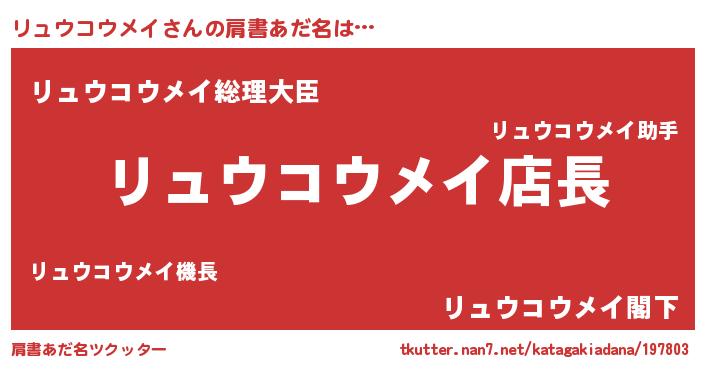 | 男性向けラノベタイトル風あだ名 | 『リュウコウメイアートオンライン』 |
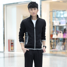春秋运动休闲纯色男士套装 青年开衫卫衣男无帽纯棉运动外套一套
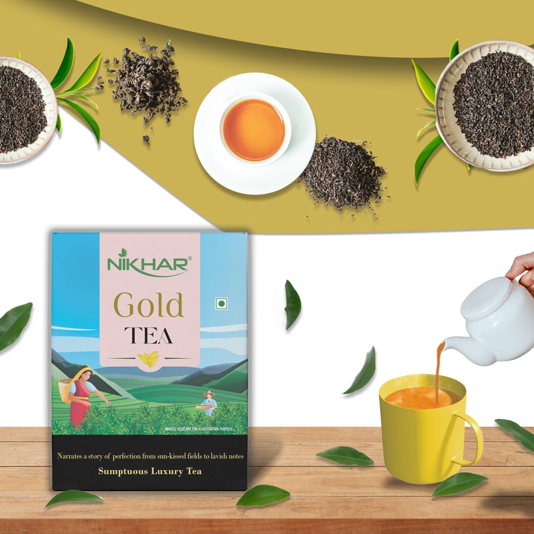 Nikhar Gold Label represents our finest tea selection. This 250g premium pack contains only the top-grade Assam tea leaves, handpicked during peak season. The Gold Label blend offers exceptional aroma, perfect color, and a smooth, refined taste. Ideal for connoisseurs who demand the very best in their teacup.
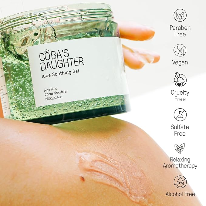 COBA'S DAUGHTER 99% Pure Aloe for Sunburn Relief & After Sun Recovery| Coconut Scented Aloe Vera Gel |Organic Aloe Vera Gel for Face & Body - Hair Hydration & Cooling Lotion (10.6 oz)
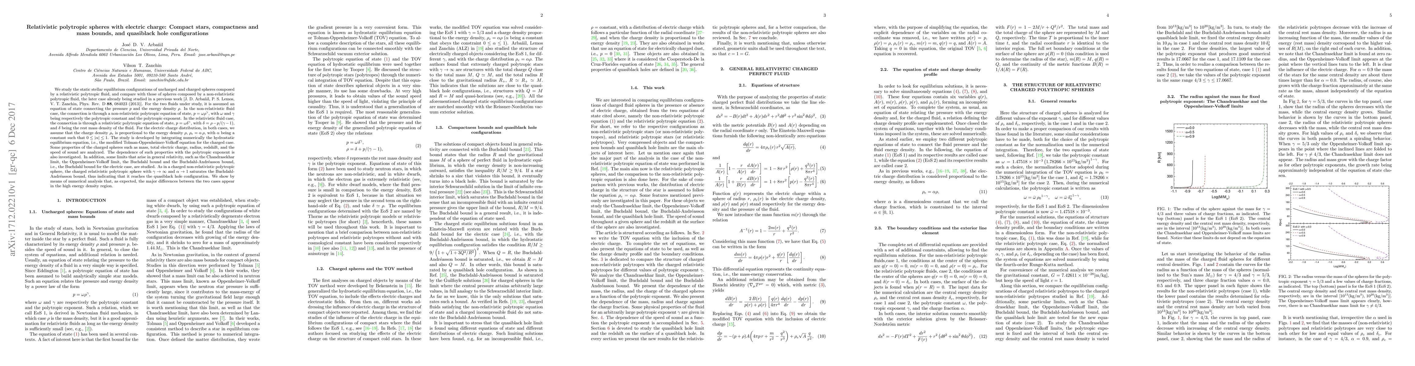 This paper investigates the static equilibrium configurations of relativistic and non-relativistic polytropic spheres, focusing on charged relativistic spheres composed of a relativistic polytropic fluid. The study compares the mass, charge, and other properties of these spheres, revealing significant differences in high energy density regions, and explores limits such as the Buchdahl bound, indicating the transition to quasiblack hole configurations.
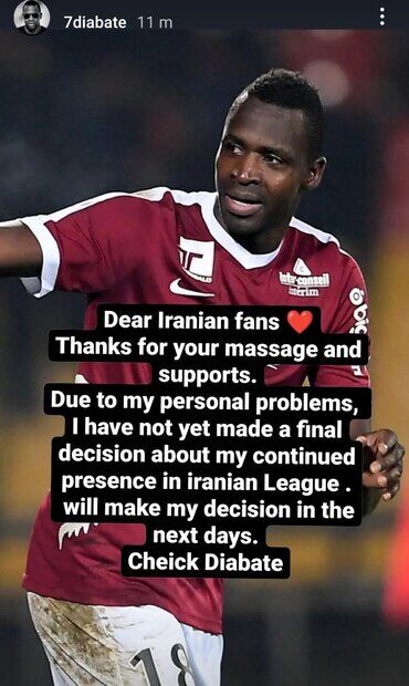 در این پیام که با تصویری از دیاباته با پیراهن قرمز هم وجود دارد، آمده است: «هواداران عزیز ایرانی؛ از پیام و حمایت‌هایتان تشکر می‌کنم. به خاطر مشکلات شخصی هنوز تصمیم نهایی را برای ادامه حضور در لیگ ایران نگرفته‌ام. در چند روز آینده تصمیمم را می‌گیرم.»
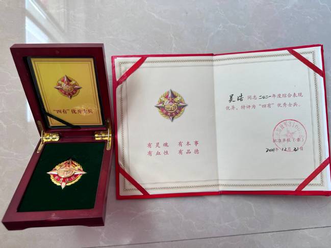 秉持着“逢敌敢亮剑”的精神,我刻苦训练,冲锋在前,不断鞭策自己,努力提高军事技能。体能考核常年全连第一,并在2021年3月的全营群众性练兵比武中取得了“全营体能第三”的佳绩。在2021年底被评选为义务兵骨干,2022年通过了集团军“预提指挥士官”考核,被评为“区队先进个人”。这些成绩的背后,无不体现着我对军营的无限热爱和对军人身份的无比自豪。
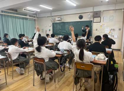 1年生の授業風景です。社会の様子です。実習の先生の授業に多くの人が手を挙げて積極的に参加していました。

*****

(PROBLEM REQUIREMENTS) Extract from the material above the stretch running from the line containing "春秋运动休闲纯色男士套装 青年开衫卫衣男无帽纯棉运动外套一套" through the line containing "COBA'S DAUGHTER 99%". Keep the text exact and the pictures out.

(RESPONSE BOX)
春秋运动休闲纯色男士套装 青年开衫卫衣男无帽纯棉运动外套一套
 Nikhar Gold Label represents our finest tea selection. This 250g premium pack contains only the top-grade Assam tea leaves, handpicked during peak season. The Gold Label blend offers exceptional aroma, perfect color, and a smooth, refined taste. Ideal for connoisseurs who demand the very best in their teacup.
 COBA'S DAUGHTER 99% Pure Aloe for Sunburn Relief & After Sun Recovery| Coconut Scented Aloe Vera Gel |Organic Aloe Vera Gel for Face & Body - Hair Hydration & Cooling Lotion (10.6 oz)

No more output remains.